Pharmacotherapy should be considered if SB persists or oral appliances are not tolerated and associated with adverse consequences such as significant sleep fragmentation , excessive daytime sleepiness, recurrent parasomnias, behavioral and cognitive problems, dental damage, headaches, orofacial pain, and temperomandibular disorder. There are several medications that have been shown to reduce the RMMA and severity of SB which in turn help in supporting the central theory of its pathogenesis. Clonazepam , a benzodiazepine, hypnotic, anxiolytic, and myorelaxant drug is commonly used for treatment of sleep disorders such as parasomnias and sleep related movement disorders, and has been shown to be effective in reducing SB in a recent placebo-controlled study [23]. In addition, clonidine, an alpha-2 adrenergic agonist, a medication commonly used for treatment of insomnia in children is shown to reduce SB [24], however it has the potential side effect of drowsiness and hypotension and is not routinely used.
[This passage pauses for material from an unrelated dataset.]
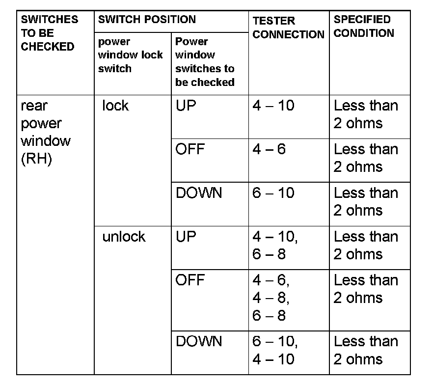STEP 24. Check the power window sub-switch (rear: RH) for continuity.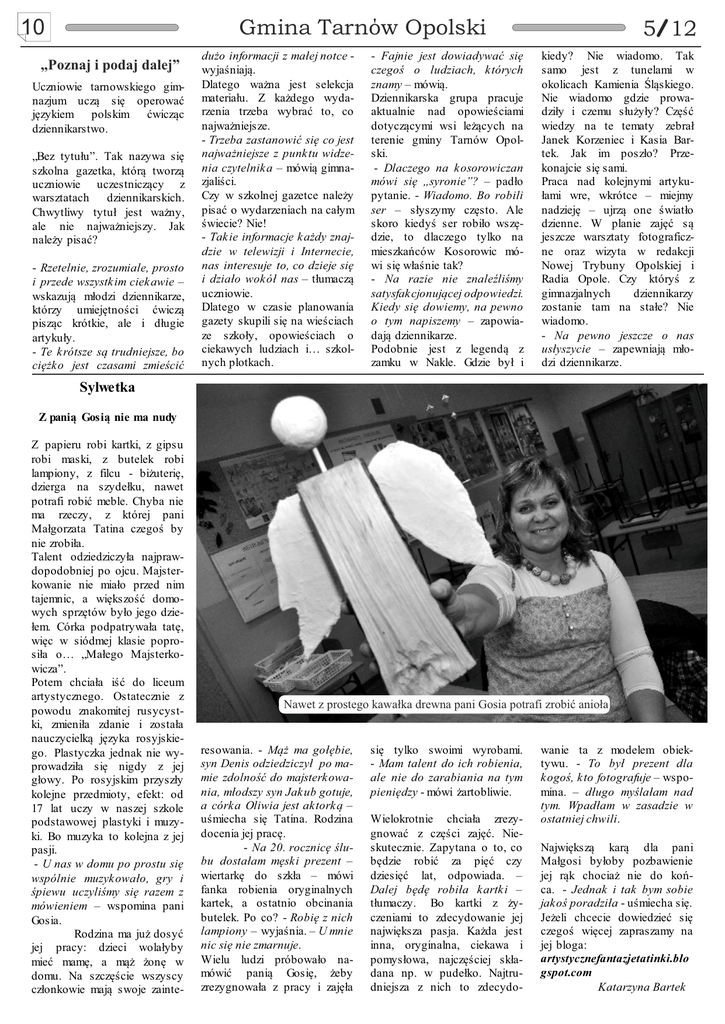 10 Gmina Tarnow Opolski ‰Poznaj i podaj dalej‘ „Poznaj i podaj dalej” Uczniowie tarnowskiego gimnazjum uczą się operować językiem polskim ćwicząc dziennikarstwo. „Bez tytułu”. Tak nazywa się szkolna gazetka, którą tworzą uczniowie uczestniczący z warsztatach dziennikarskich. Chwytliwy tytuł jest ważny, ale nie najważniejszy. Jak należy pisać? - Rzetelnie, zrozumiale, prosto i przede wszystkim ciekawie – wskazują młodzi dziennikarze, którzy umiejętności ćwiczą pisząc krótkie, ale i długie artykuły. - Te krótsze są trudniejsze, bo ciężko jest czasami zmieścić dużo informacji z małej notce wyjaśniają. Dlatego ważna jest selekcja materiału. Z każdego wydarzenia trzeba wybrać to, co najważniejsze. - Trzeba zastanowić się co jest najważniejsze z punktu widzenia czytelnika – mówią gimnazjaliści. Czy w szkolnej gazetce należy pisać o wydarzeniach na całym świecie? Nie! - Takie informacje każdy znajdzie w telewizji i Internecie, nas interesuje to, co dzieje się i działo wokół nas – tłumaczą uczniowie. Dlatego w czasie planowania gazety skupili się na wieściach ze szkoły, opowieściach o ciekawych ludziach i… szkolnych plotkach. - Fajnie jest dowiadywać się czegoś o ludziach, których znamy – mówią. Dziennikarska grupa pracuje aktualnie nad opowieściami dotyczącymi wsi leżących na terenie gminy Tarnów Opolski. - Dlaczego na kosorowiczan mówi się „syronie”? – padło pytanie. - Wiadomo. Bo robili ser – słyszymy często. Ale skoro kiedyś ser robiło wszędzie, to dlaczego tylko na mieszkańców Kosorowic mówi się właśnie tak? - Na razie nie znaleźliśmy satysfakcjonującej odpowiedzi. Kiedy się dowiemy, na pewno o tym napiszemy – zapowiadają dziennikarze. Podobnie jest z legendą z zamku w Nakle. Gdzie był i 5 12 kiedy? Nie wiadomo. Tak samo jest z tunelami w okolicach Kamienia Śląskiego. Nie wiadomo gdzie prowadziły i czemu służyły? Część wiedzy na te tematy zebrał Janek Korzeniec i Kasia Bartek. Jak im poszło? Przekonajcie się sami. Praca nad kolejnymi artykułami wre, wkrótce – miejmy nadzieję – ujrzą one światło dzienne. W planie zajęć są jeszcze warsztaty fotograficzne oraz wizyta w redakcji Nowej Trybuny Opolskiej i Radia Opole. Czy któryś z gimnazjalnych dziennikarzy zostanie tam na stałe? Nie wiadomo. - Na pewno jeszcze o nas usłyszycie – zapewniają młodzi dziennikarze. Sylwetka Z panią Gosią nie ma nudy Z papieru robi kartki, z gipsu robi maski, z butelek robi lampiony, z filcu - biżuterię, dzierga na szydełku, nawet potrafi robić meble. Chyba nie ma rzeczy, z której pani Małgorzata Tatina czegoś by nie zrobiła. Talent odziedziczyła najprawdopodobniej po ojcu. Majsterkowanie nie miało przed nim tajemnic, a większość domowych sprzętów było jego dziełem. Córka podpatrywała tatę, więc w siódmej klasie poprosiła o… „Małego Majsterkowicza”. Potem chciała iść do liceum artystycznego. Ostatecznie z powodu znakomitej rusycystki, zmieniła zdanie i została nauczycielką języka rosyjskiego. Plastyczka jednak nie wyprowadziła się nigdy z jej głowy. Po rosyjskim przyszły kolejne przedmioty, efekt: od 17 lat uczy w naszej szkole podstawowej plastyki i muzyki. Bo muzyka to kolejna z jej pasji. - U nas w domu po prostu się wspólnie muzykowało, gry i śpiewu uczyliśmy się razem z mówieniem – wspomina pani Gosia. Rodzina ma już dosyć jej pracy: dzieci wolałyby mieć mamę, a mąż żonę w domu. Na szczęście wszyscy członkowie mają swoje zainte- Nawet z prostego kawałka drewna pani Gosia potrafi zrobić anioła resowania. - Mąż ma gołębie, syn Denis odziedziczył po mamie zdolność do majsterkowania, młodszy syn Jakub gotuje, a córka Oliwia jest aktorką – uśmiecha się Tatina. Rodzina docenia jej pracę. - Na 20. rocznicę ślubu dostałam męski prezent – wiertarkę do szkła – mówi fanka robienia oryginalnych kartek, a ostatnio obcinania butelek. Po co? - Robię z nich lampiony – wyjaśnia. – U mnie nic się nie zmarnuje. Wielu ludzi próbowało namówić panią Gosię, żeby zrezygnowała z pracy i zajęła się tylko swoimi wyrobami. - Mam talent do ich robienia, ale nie do zarabiania na tym pieniędzy - mówi żartobliwie. Wielokrotnie chciała zrezygnować z części zajęć. Nieskutecznie. Zapytana o to, co będzie robić za pięć czy dziesięć lat, odpowiada. – Dalej będę robiła kartki – tłumaczy. Bo kartki z życzeniami to zdecydowanie jej największa pasja. Każda jest inna, oryginalna, ciekawa i pomysłowa, najczęściej składana np. w pudełko. Najtrudniejsza z nich to zdecydo- wanie ta z modelem obiektywu. - To był prezent dla kogoś, kto fotografuje – wspomina. – długo myślałam nad tym. Wpadłam w zasadzie w ostatniej chwili. Największą karą dla pani Małgosi byłoby pozbawienie jej rąk chociaż nie do końca. - Jednak i tak bym sobie jakoś poradziła - uśmiecha się. Jeżeli chcecie dowiedzieć się czegoś więcej zapraszamy na jej bloga: artystycznefantazjetatinki.blo gspot.com Katarzyna Bartek

Botulinum toxin (Botox) injections can reduce the frequency of bruxism events, along with reducing bruxism-induced pain levels. In comparison with oral splints, botulinum toxins are equally effective on bruxism. Use of botulinum toxin injections at a dosage of < 100 U are safe in otherwise healthy patients and is a safe alternative in these patients [25].

Summary

Sleep bruxism is a common sleep related movement disorder which is prevalent in all age groups. It can be asymptomatic and is suspected on dental evaluation due to dental erosion or fractures and/or may be highly distressing to patients due to tooth erosion, orofacial pain, headaches, sleep disturbances, and TMD. In children, it may be the cause of secondary parasomnia as well as behavioral and cognitive deficits. If SB is suspected or diagnosed, the patient needs to be screened for other risk factors such as nocturnal reflux, OSA, anxiety disorders, neurological disorders, use of medications such as SSRI and or recreational drugs. These patients should be referred to a dentist for further evaluation and treatment. When oral appliances fail or are not tolerated, pharmacotherapy should be considered in carefully selected patient populations. Alternatively, recent data suggest that botulinium toxin injections may be a safe option in otherwise healthy adult patients.

Practical Points

  • Sleep bruxism is classified as a sleep related movement disorder

  • It is common and seen across all age groups (infants–old age) and prevalence decreases with age

  • There are multiple risk factors that are associated with sleep bruxism

  • More than 2/3rd of the sleep bruxism episodes are associated with EEG arousal leading to sleep fragmentation

  • Usually diagnosis is based on history and clinical examination finding of tooth damage, and jaw pain

  • Children with sleep bruxism have higher incidence of daytime behavioral and cognitive problems

  • Polysomnogram can be used to confirm diagnosis and a special masseter muscle electrode may need to be used

  • Treatment involves referral to dentist, oral splint and mandibular advancement devices

  • Pharmacotherapy is effective in treatment of SB in selected population

Case Example

A 28-year-old male presents to a dentist’s office with tooth pain and headaches in the morning. This has been happening for several months and he recently fractured a tooth while biting on a walnut. On examination, he has significant erosion of this tooth and loss of molar cusps. There were several cracks visible and tooth tenderness with masseter muscle hypertrophy. Based on this, he was diagnosed with sleep bruxism . On further questioning, he had history of anxiety, heartburn, and was on Zantac as needed. He also has history of loud snoring and excessive daytime sleepiness. He underwent a sleep study which revealed moderate OSA with RDI of 15/h and had several instances of sleep bruxism noted during sleep stage transition and had an EEG arousal index of 30/h. He was recommended CPAP but had difficulty tolerating it. He was referred back to the dentist and was fitted with mandibular advancement device. He had a sleep study with this oral device and his OSA was well controlled with residual RDI of 2/h and the EEG arousal index was 9/h. On 3-month follow up, his compliance was good and his symptoms had resolved. This oral appliance had helped him control his OSA and help prevent further tooth damage from sleep bruxism.